Work instruction
Exact copy, no pictures: every line from the one that contains "HDP'li milletvekilleri Pervin" through the end of the data below, and nothing else.

Material to process
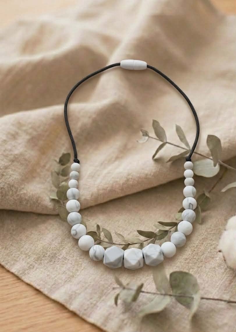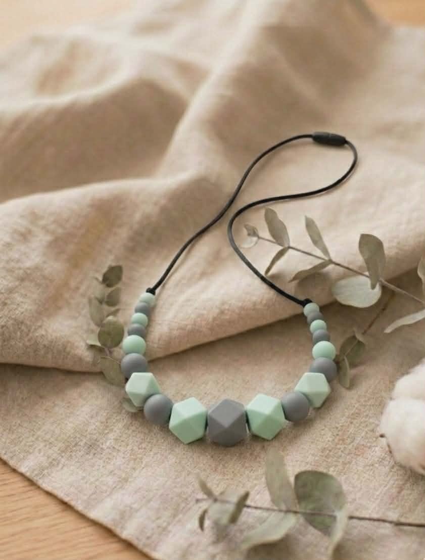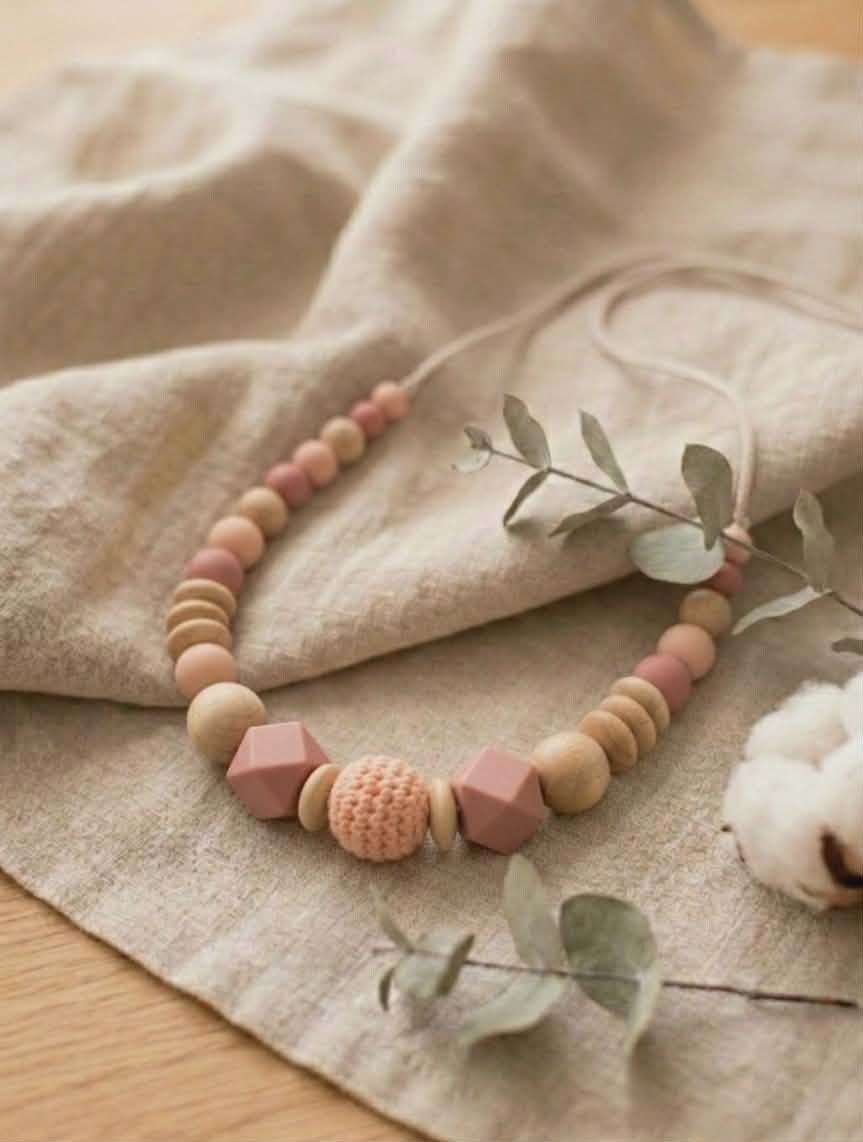 Le collier de portage est un bijou conçu pour être porté exclusivement par un adulte lors des moments avec bébé : portage, allaitement, biberon ou câlins. À la fois élégant pour la maman et sensoriel pour l'enfant, il permet d'occuper naturellement les petites mains curieuses tout en apportant une touche jolie à votre tenue.
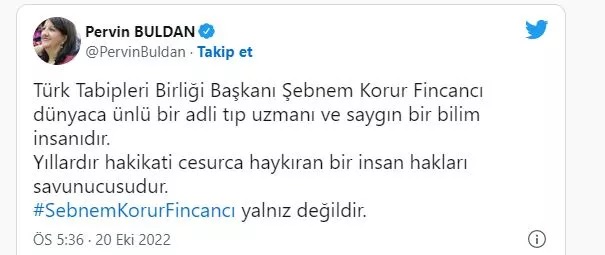 HDP'li milletvekilleri Pervin Buldan, Mithat Sancar, Meral Danış Beştaş ve Serpil Kemalbay, Fincancı'ya destek mesajları paylaştı.
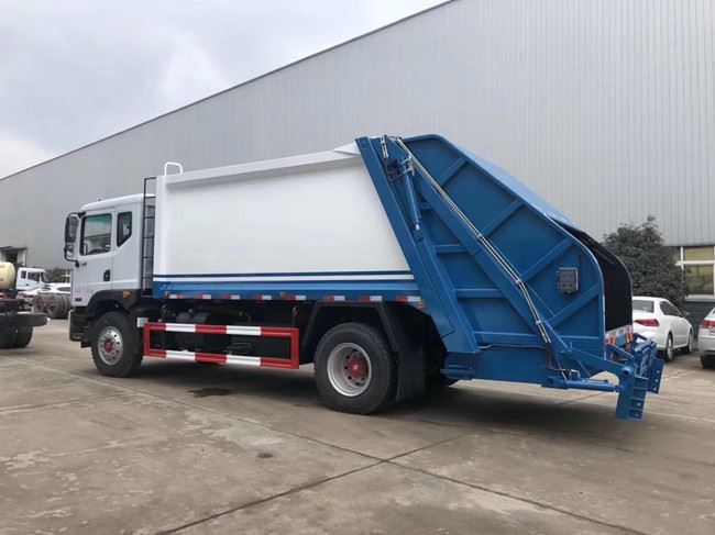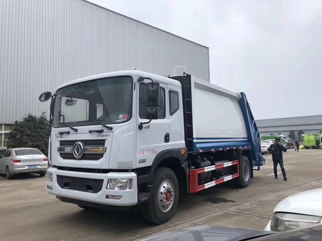 东风D9驾驶室,带空调,12方压缩垃圾车,武钢优质碳钢制作罐体,底箱及填充器采用加厚钢板,上装部分具备反复压缩和蠕动压缩功能带,手电一体操作模式,双侧控制盒,三种操作控制台,分别位于驾驶室,箱体尾部,箱体顶部。
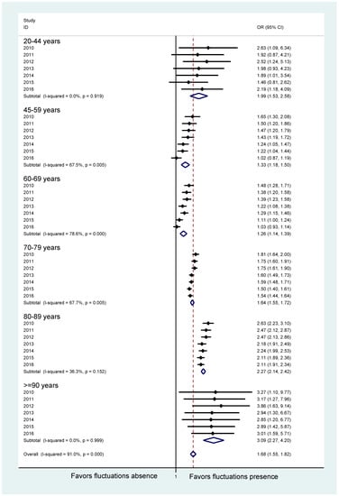 Interestingly, the odds ratio to receive PD-MCT with the presence of motor fluctuations was significantly higher for all age groups. It was particularly likely to be subjected to this therapy if motor fluctuations were present in the young (20–44 years) or those of older age (80–89 years and ≥ 90 years) (Figure 5).
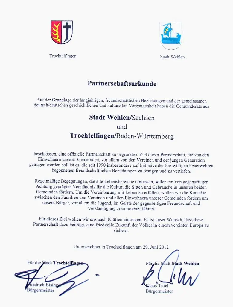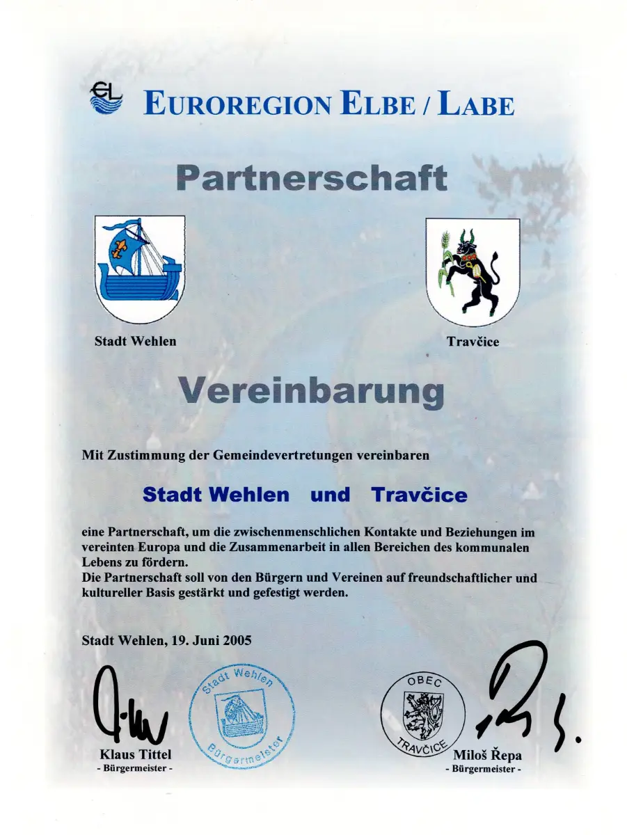 „Mit Zustimmung der Gemeindevertretungen vereinbaren Stadt Wehlen und Travcice eine Partnerschaft, um die zwischenmenschlichen Kontakte und Beziehungen im vereinten Europa in allen Bereichen des kommunalen Lebens zu fördern. Die Partnerschaft soll von den Bürgern und Vereinen auf freundschaftlicher und kultureller Basis gestärkt und gefestigt werden.“
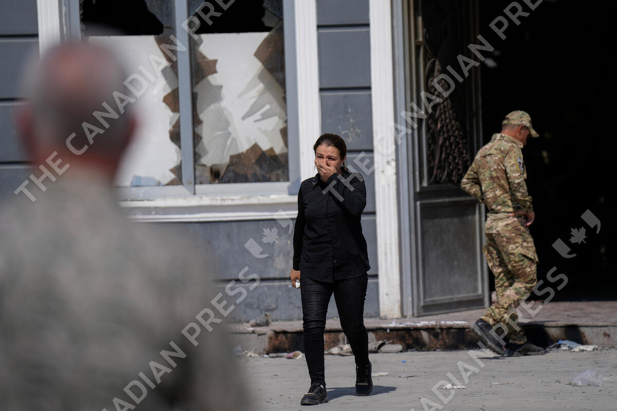 An Iraqi woman reacts at the site of a fatal fire in the district of Hamdaniya, Nineveh province, Iraq, Thursday, Sept. 28, 2023. A fire that raced through a hall hosting a Christian wedding in northern Iraq killed multiple people, authorities said. (AP Photo/Hadi Mizban)

Result of the exercise
 HDP'li milletvekilleri Pervin Buldan, Mithat Sancar, Meral Danış Beştaş ve Serpil Kemalbay, Fincancı'ya destek mesajları paylaştı.
 东风D9驾驶室,带空调,12方压缩垃圾车,武钢优质碳钢制作罐体,底箱及填充器采用加厚钢板,上装部分具备反复压缩和蠕动压缩功能带,手电一体操作模式,双侧控制盒,三种操作控制台,分别位于驾驶室,箱体尾部,箱体顶部。
 Interestingly, the odds ratio to receive PD-MCT with the presence of motor fluctuations was significantly higher for all age groups. It was particularly likely to be subjected to this therapy if motor fluctuations were present in the young (20–44 years) or those of older age (80–89 years and ≥ 90 years) (Figure 5).
 „Mit Zustimmung der Gemeindevertretungen vereinbaren Stadt Wehlen und Travcice eine Partnerschaft, um die zwischenmenschlichen Kontakte und Beziehungen im vereinten Europa in allen Bereichen des kommunalen Lebens zu fördern. Die Partnerschaft soll von den Bürgern und Vereinen auf freundschaftlicher und kultureller Basis gestärkt und gefestigt werden.“
 An Iraqi woman reacts at the site of a fatal fire in the district of Hamdaniya, Nineveh province, Iraq, Thursday, Sept. 28, 2023. A fire that raced through a hall hosting a Christian wedding in northern Iraq killed multiple people, authorities said. (AP Photo/Hadi Mizban)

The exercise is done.